— Data provided —
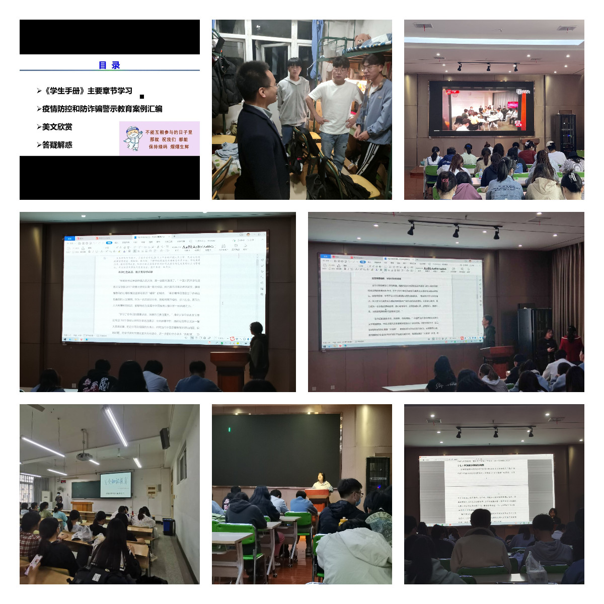 本次主题班会主要围绕“1+2+N”模式,即“1”是指重点学习最新版《学生手册》中本科学生素质综合测评实施办法、奖学金评定办法、优秀本科学生评选办法、先进班集体和十佳班集体评选办法以及学生安全教育和违纪处分办法等;“2” 是指《植物保护学院疫情防控和防诈骗警示教育案例汇编》和征兵工作;“N”是指习近平总书记五四青年节前夕在考察中国人民大学时重要讲话精神,疫情下学生焦虑等不健康心理的劝慰与开导,以及学院“课后十分钟”活动的问题解答;会议最后还强调了消防安全(违规电器、使用明火、吸烟、私拉乱接电线等)、人身财物安全、禁止宿舍饲养宠物等内容。
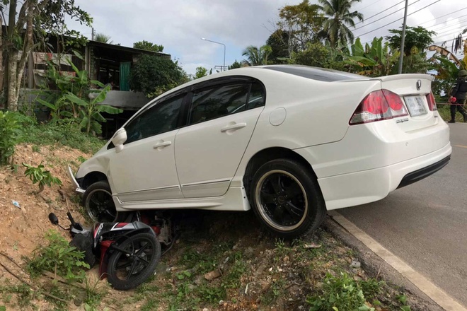 Hiện trường vụ va chạm giữa ôtô và xe máy của hai người đàn ông ở huyện Thung Yang Daeng, Thái Lan, hôm 6/2. Ảnh: Bangkok Post.
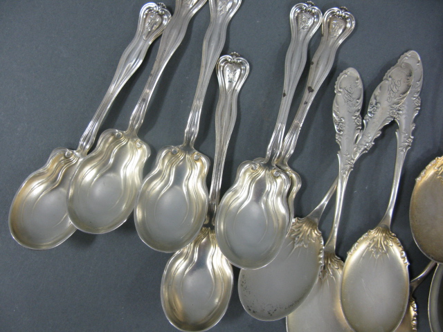 Two sets of sterling silver ice cream spoons, set of 12 and set of 6.

— What is expected —
Transcribe the full listing above exactly, with the images removed.

— Answer for this exercise —
 本次主题班会主要围绕“1+2+N”模式,即“1”是指重点学习最新版《学生手册》中本科学生素质综合测评实施办法、奖学金评定办法、优秀本科学生评选办法、先进班集体和十佳班集体评选办法以及学生安全教育和违纪处分办法等;“2” 是指《植物保护学院疫情防控和防诈骗警示教育案例汇编》和征兵工作;“N”是指习近平总书记五四青年节前夕在考察中国人民大学时重要讲话精神,疫情下学生焦虑等不健康心理的劝慰与开导,以及学院“课后十分钟”活动的问题解答;会议最后还强调了消防安全(违规电器、使用明火、吸烟、私拉乱接电线等)、人身财物安全、禁止宿舍饲养宠物等内容。
 Hiện trường vụ va chạm giữa ôtô và xe máy của hai người đàn ông ở huyện Thung Yang Daeng, Thái Lan, hôm 6/2. Ảnh: Bangkok Post.
 Two sets of sterling silver ice cream spoons, set of 12 and set of 6.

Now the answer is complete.